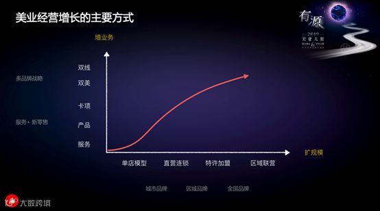 美业连锁机构的增长模式,主要是两个方向发展:一个是增业务,比如做多品牌,生美+医美的双美战略;高端品牌+年轻化品牌的多品牌经营;专业线+日化线的双线运营,以及一些机构探索的服务+新零售模式;另一个是扩规模,不断开店增加消费者覆盖面,不管是直营、加盟还是联营模式,连锁化运营都是美业机构的主要增长模式。
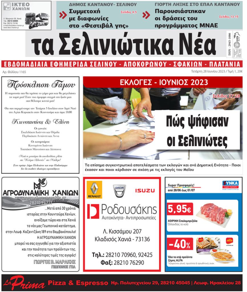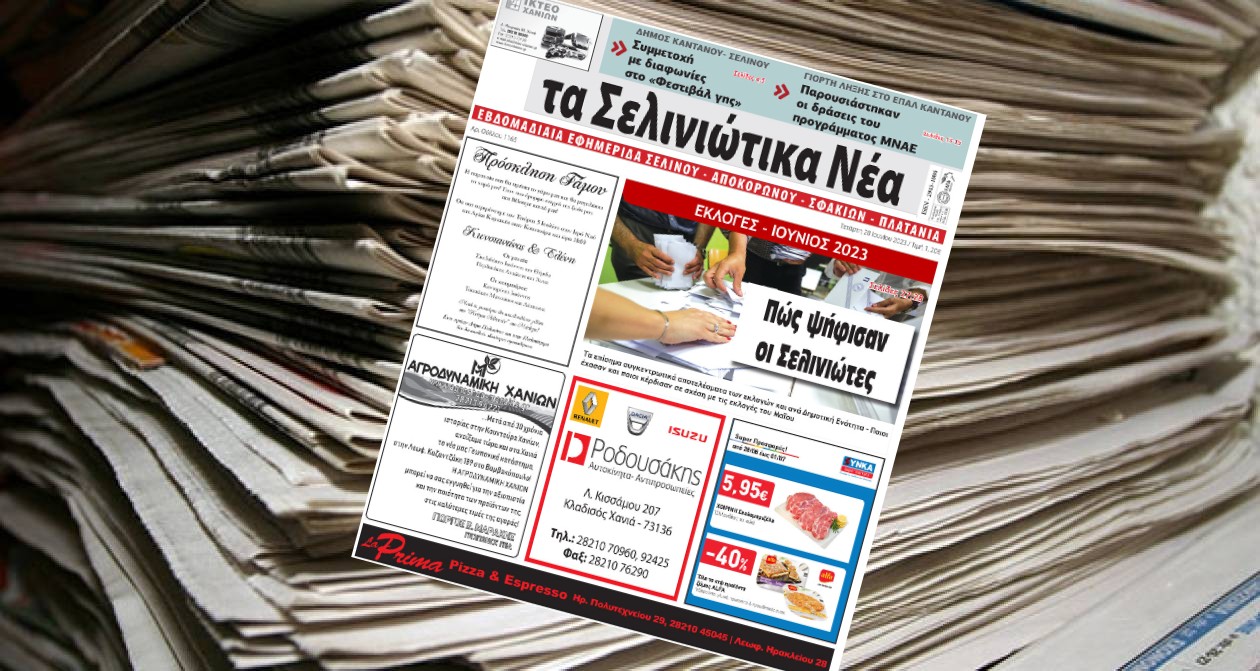 Κυκλοφόρησε το νέο φύλλο της εβδομαδιαίας τοπικής εφημερίδας της Κρήτης “Σελινιώτικα Νέα”.
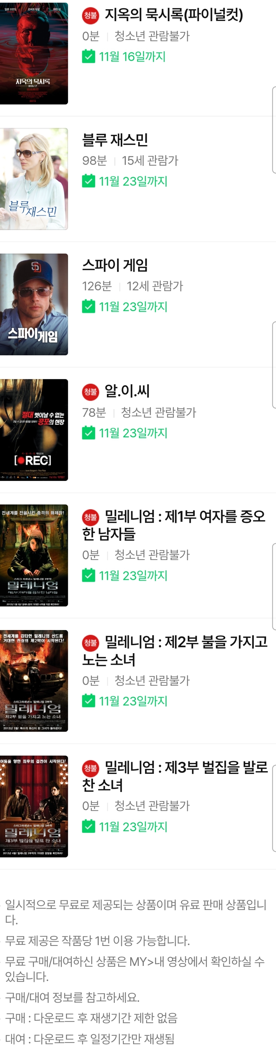 ~11.23.. 블루 재스민, 스파이 게임, 알.이.씨, 밀레니엄 1부, 2부, 3부
◆ ◆ ◆ ◆
▶ _EXERCISE PROMPT_
All of the data is to be returned exactly, with no pictures included.

▶ _REPLY_
 美业连锁机构的增长模式,主要是两个方向发展:一个是增业务,比如做多品牌,生美+医美的双美战略;高端品牌+年轻化品牌的多品牌经营;专业线+日化线的双线运营,以及一些机构探索的服务+新零售模式;另一个是扩规模,不断开店增加消费者覆盖面,不管是直营、加盟还是联营模式,连锁化运营都是美业机构的主要增长模式。
 Κυκλοφόρησε το νέο φύλλο της εβδομαδιαίας τοπικής εφημερίδας της Κρήτης “Σελινιώτικα Νέα”.
 ~11.23.. 블루 재스민, 스파이 게임, 알.이.씨, 밀레니엄 1부, 2부, 3부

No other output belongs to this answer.